TEPCO admitted for the first time on 12 October 2012 that it had failed to take stronger measures to prevent disasters for fear of inviting lawsuits or protests against its nuclear plants. There are no clear plans for decommissioning the plant, but the plant management estimate is thirty or forty years.

Final Words

In July 2018, a robotic probe has found that radiation levels remain too high for humans to work inside one of the Fukushima’s reactor buildings. During the core melt-down events at Fukushima, radioactivity was released as fine particulates that travelled in the air, some time for distances of tens of kilometres, and settled onto the surrounding countryside. The atmosphere was not affected on a noticeable scale, as the overwhelming majority of the particulates settled either within the water system or soil surrounding the plant.

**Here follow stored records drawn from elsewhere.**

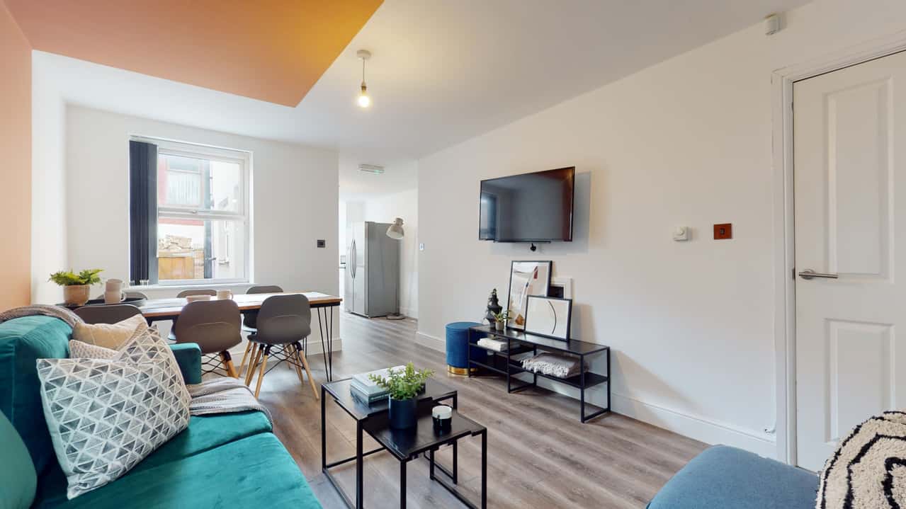 This stylishly renovated property, comprises six double bedrooms furnished with desks, comfortable desk chairs, and ample storage, alongside two modern bathrooms. The chic living room features spacious sofas and a large flat-screen TV, perfect for relaxed gatherings, accompanied by a substantial dining table for communal meals. The kitchen boasts modern appliances, multiple fridges, and a washing machine. Each piece of furniture has been carefully selected to enhance both comfort and style.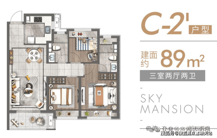 建面约89㎡(三房两厅两卫)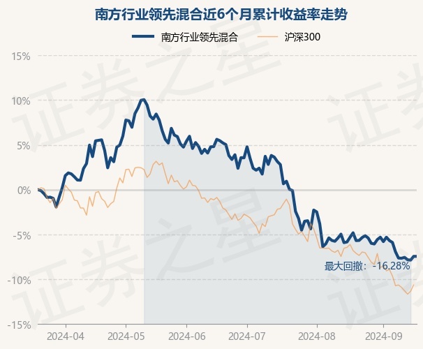 本站消息,9月19日,南方行业领先混合最新单位净值为0.489元,累计净值为0.489元,较前一交易日上涨0.0%。历史数据显示该基金近1个月下跌2.73%,近3个月下跌12.21%,近6个月下跌7.4%,近1年下跌5.21%。该基金近6个月的累计收益率走势如下图:
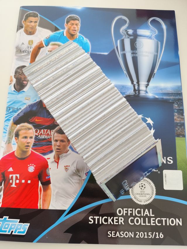 Colección completa cromos sin pegar Topps UEFA Champions League 2015 2016. Incluye el álbum plancha y los 623 cromos nunca pegados. Incluye cromos de Ronaldo y Messi.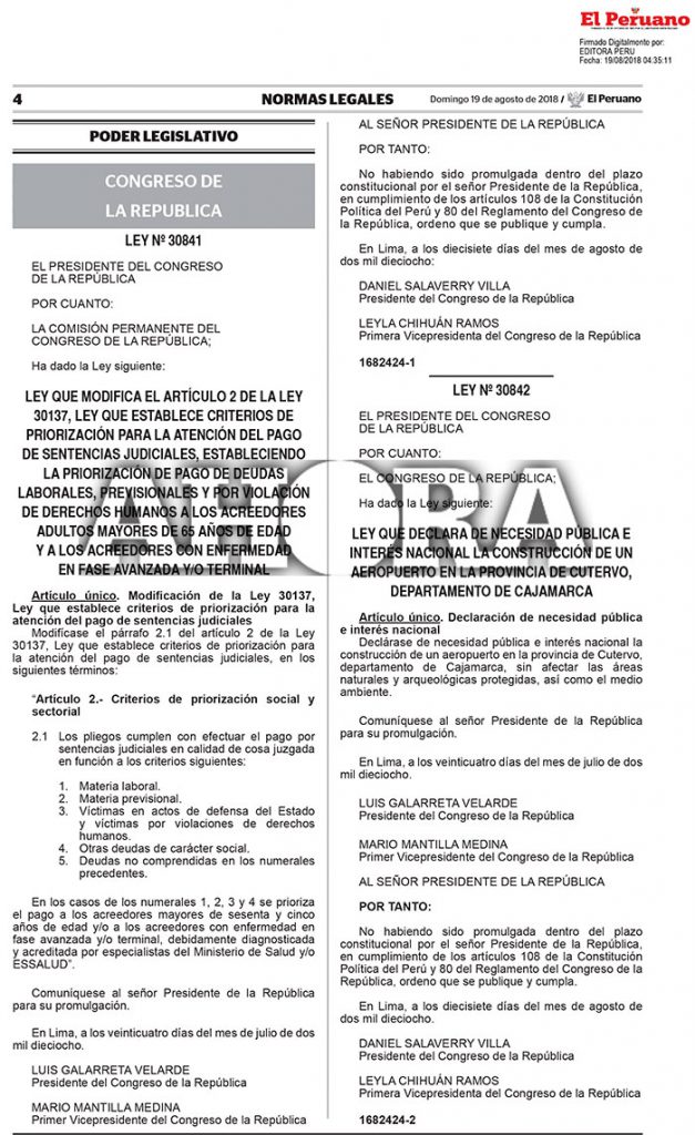 Se ha modificado la normatividad para el pago de la deuda social que mantiene el Estado peruano con los trabajadores, cesantes y jubilados, según lo ordena la Ley N° 30841 “Ley que modifica el artículo 2 de la Ley 30137, que establece criterios de priorización para la atención del pago de sentencias judiciales, estableciendo la priorización de pago de deudas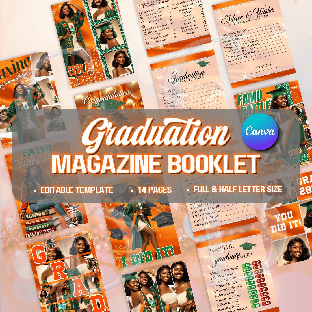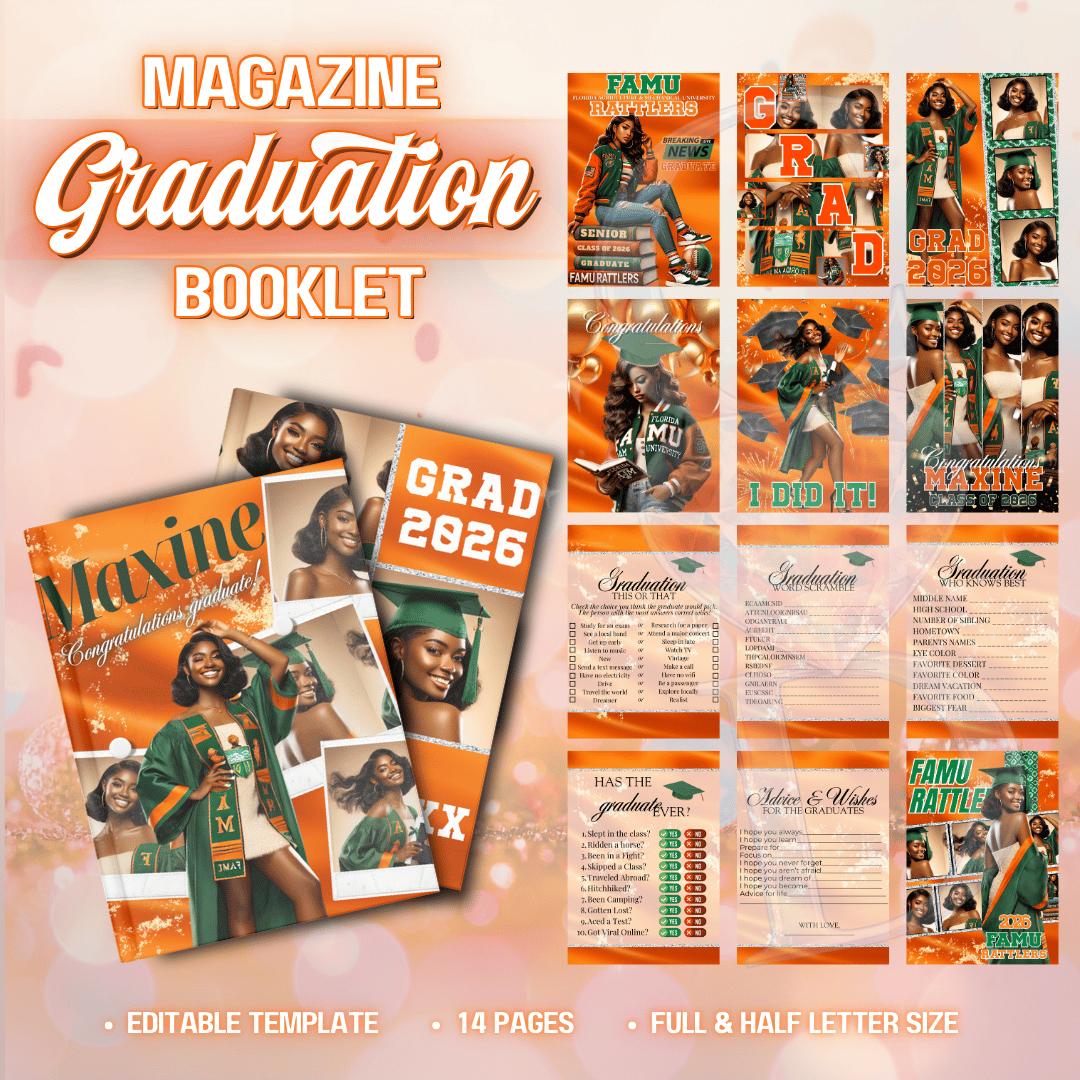 Make their graduation feel like a headline moment. This 14-page Graduation Magazine Booklet is designed to turn your celebration into a styled feature spread that is bold, vibrant, and completely personalized. The orange color story brings energy and warmth, while the structured magazine layout keeps everything polished and cohesive. It’s interactive. It’s memorable. And it feels thoughtfully designed from cover to final page.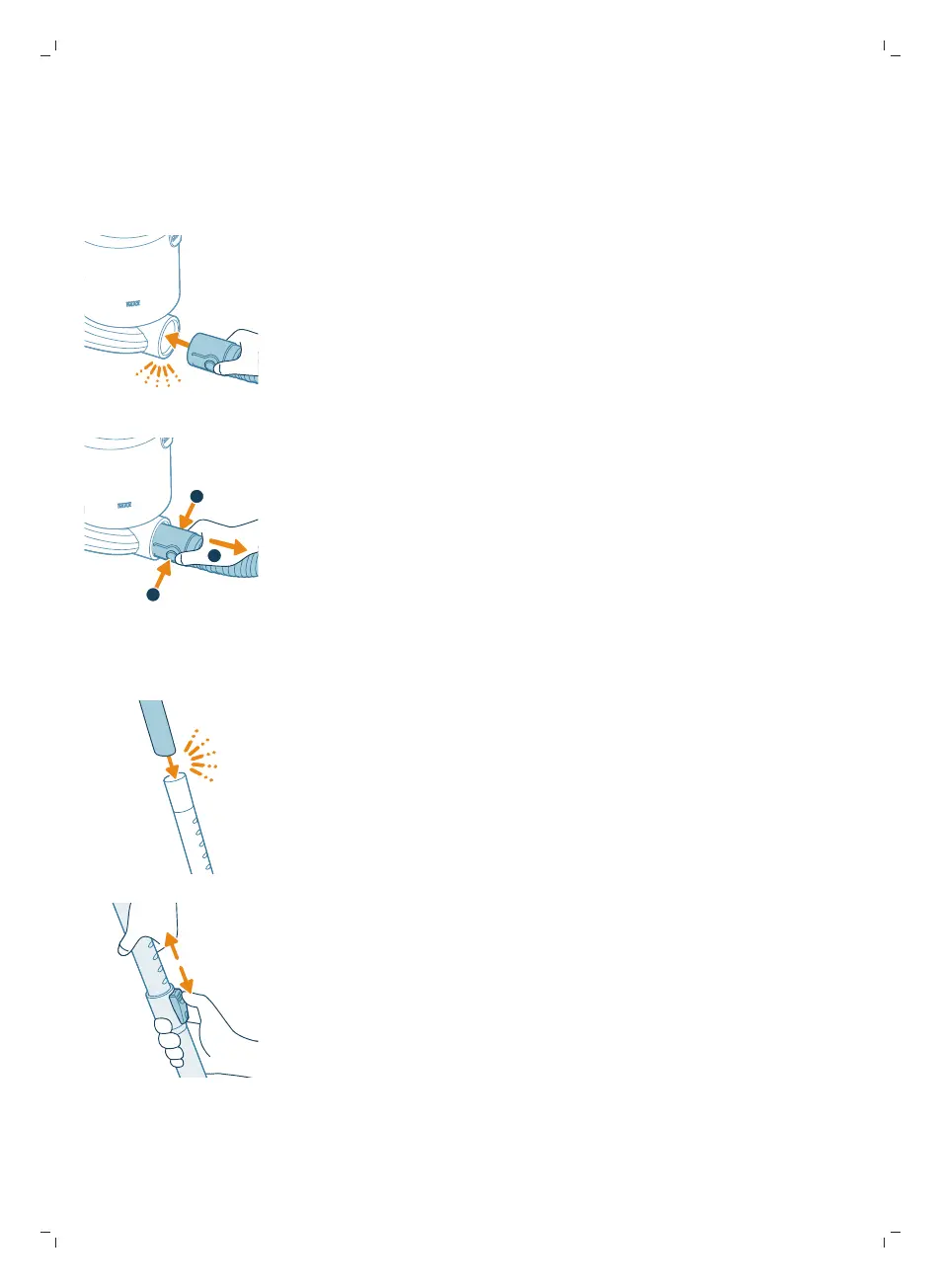 1 Per collegare il tubo telescopico all'impugnatura del tubo flessibile, allineate il

Almost 9 years have been passed since the Fukushima Daiichi Nuclear disaster happened. Now, a lot of residents have moved homes — and moved on, rebuilding their lives elsewhere. Others are afraid of returning to an area that had been once covered with radioactive particles. Still, some people are starting to filter back in Fukushima’s surrounding area. In 2018, tours to visit the Fukushima disaster area began. From Chernobyl to Tokaimura to Fukushima, in every nuclear disaster, we learned that humans are actually capable of handling a nuclear project or power plant by following the proper procedures, rules and regulations but we stay careless about all these things until we face a great loss in humanity due to this.